Suppose $\displaystyle f:\mathbb{R} \longrightarrow [0,\infty) $ is continuous and that $\displaystyle \int f < \infty$. Is it always true that $\displaystyle \lim_{x\to\infty}f(x)=0?$

- Apr 16th 2010, 12:17 PMDrexel28
Clearly we must have that eventually $\displaystyle f(x)$ is non-increasing. So, let $\displaystyle f(x)$ be non-increasing for $\displaystyle x\geqslant N\in\mathbb{N}$. Then, $\displaystyle f$ is continuous non-negative non-increasing function. Thus, $\displaystyle \int_{N}^{\infty}f<\infty\implies \sum_{n=N}^{\infty}f(n)<\infty$ and so $\displaystyle \lim_{n\to\infty}f(n)=\lim_{x\to\infty}f(x)=0$.
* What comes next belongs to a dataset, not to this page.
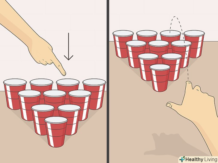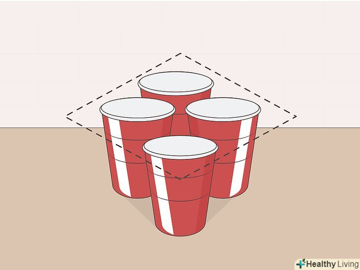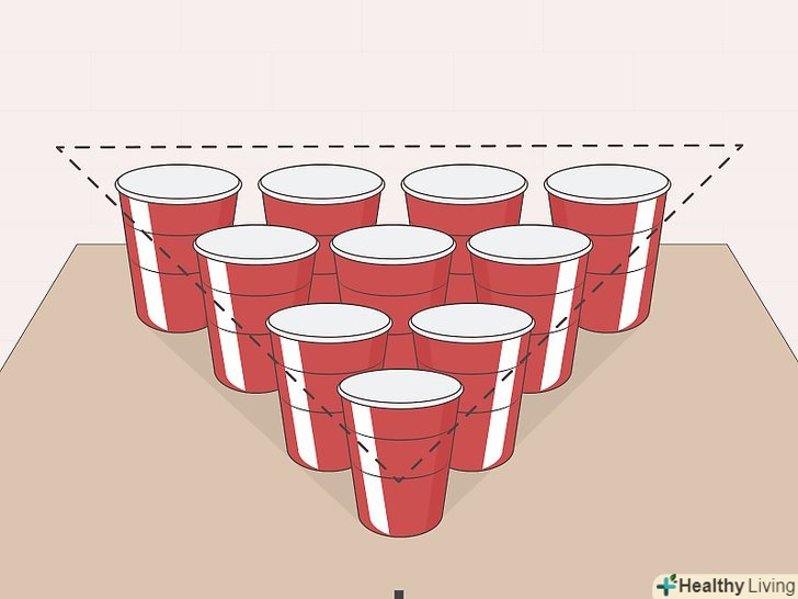 Розставте по 10 стаканчиків у вигляді трикутника на кожній стороні столу.передні кути трикутників повинні вказувати один на одного. Таким чином, в першому ряду буде один стаканчик, у другому — 2, в третьому — 3, а в основі — 4. Не нахиляйте стаканчики.[2]- Ви також можете грати з 6 стаканчиками.

- Apr 16th 2010, 01:56 PMLaurent
What do you mean?

In general, functions $\displaystyle f\geq 0$ such that $\displaystyle \int f<\infty$ are not non-increasing. Some of them converge to 0, others don't.

Here's an example. Let me describe the graph of $\displaystyle f$. It consists of triangular peaks that get thinner and higher : around $\displaystyle n$, we put a triangular peak of width $\displaystyle \frac{1}{n^3}$ and height $\displaystyle n$. (Is it clear?)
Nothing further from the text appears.